**INFORMATION PROVIDED:**
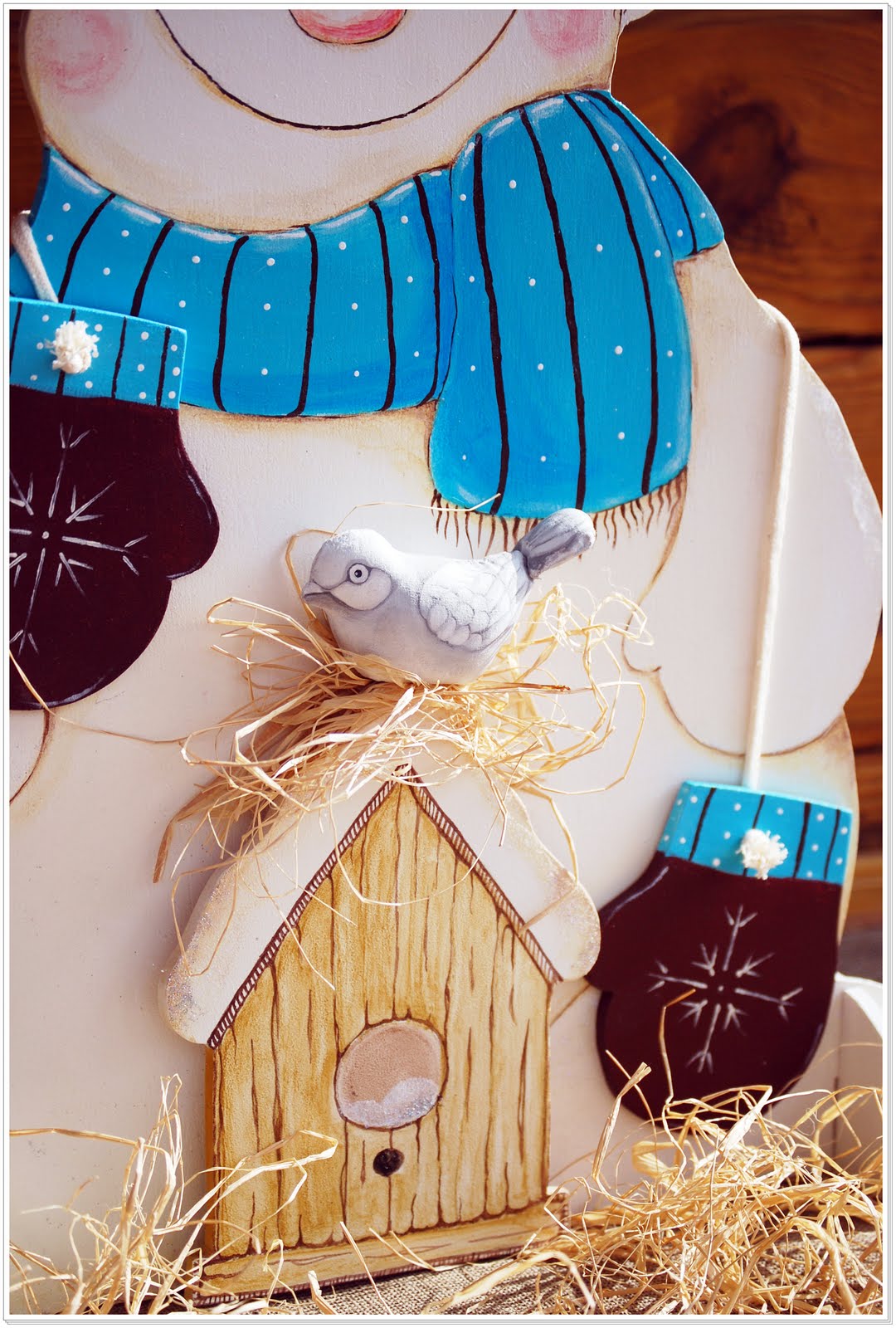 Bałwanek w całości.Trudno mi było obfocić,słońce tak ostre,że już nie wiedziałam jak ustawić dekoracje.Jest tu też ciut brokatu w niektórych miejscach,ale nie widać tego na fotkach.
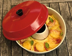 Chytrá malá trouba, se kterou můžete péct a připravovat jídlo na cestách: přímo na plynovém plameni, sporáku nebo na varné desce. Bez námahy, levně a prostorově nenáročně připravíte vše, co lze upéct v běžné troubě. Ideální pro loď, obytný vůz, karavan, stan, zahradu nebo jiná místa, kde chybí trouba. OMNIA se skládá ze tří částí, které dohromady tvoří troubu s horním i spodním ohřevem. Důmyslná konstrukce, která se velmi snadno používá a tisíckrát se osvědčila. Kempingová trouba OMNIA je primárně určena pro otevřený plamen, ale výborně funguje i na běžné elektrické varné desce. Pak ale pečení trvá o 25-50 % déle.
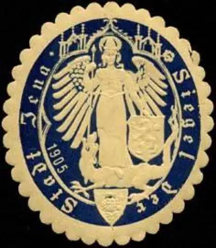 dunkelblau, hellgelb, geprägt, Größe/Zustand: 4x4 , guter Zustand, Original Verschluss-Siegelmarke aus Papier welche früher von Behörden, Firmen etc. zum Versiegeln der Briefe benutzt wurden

**TASK INSTRUCTIONS:** Reproduce all of the data exactly, omitting each picture it holds.

**OUTPUT FOR THIS TASK:**
 Bałwanek w całości.Trudno mi było obfocić,słońce tak ostre,że już nie wiedziałam jak ustawić dekoracje.Jest tu też ciut brokatu w niektórych miejscach,ale nie widać tego na fotkach.
 Chytrá malá trouba, se kterou můžete péct a připravovat jídlo na cestách: přímo na plynovém plameni, sporáku nebo na varné desce. Bez námahy, levně a prostorově nenáročně připravíte vše, co lze upéct v běžné troubě. Ideální pro loď, obytný vůz, karavan, stan, zahradu nebo jiná místa, kde chybí trouba. OMNIA se skládá ze tří částí, které dohromady tvoří troubu s horním i spodním ohřevem. Důmyslná konstrukce, která se velmi snadno používá a tisíckrát se osvědčila. Kempingová trouba OMNIA je primárně určena pro otevřený plamen, ale výborně funguje i na běžné elektrické varné desce. Pak ale pečení trvá o 25-50 % déle.
 dunkelblau, hellgelb, geprägt, Größe/Zustand: 4x4 , guter Zustand, Original Verschluss-Siegelmarke aus Papier welche früher von Behörden, Firmen etc. zum Versiegeln der Briefe benutzt wurden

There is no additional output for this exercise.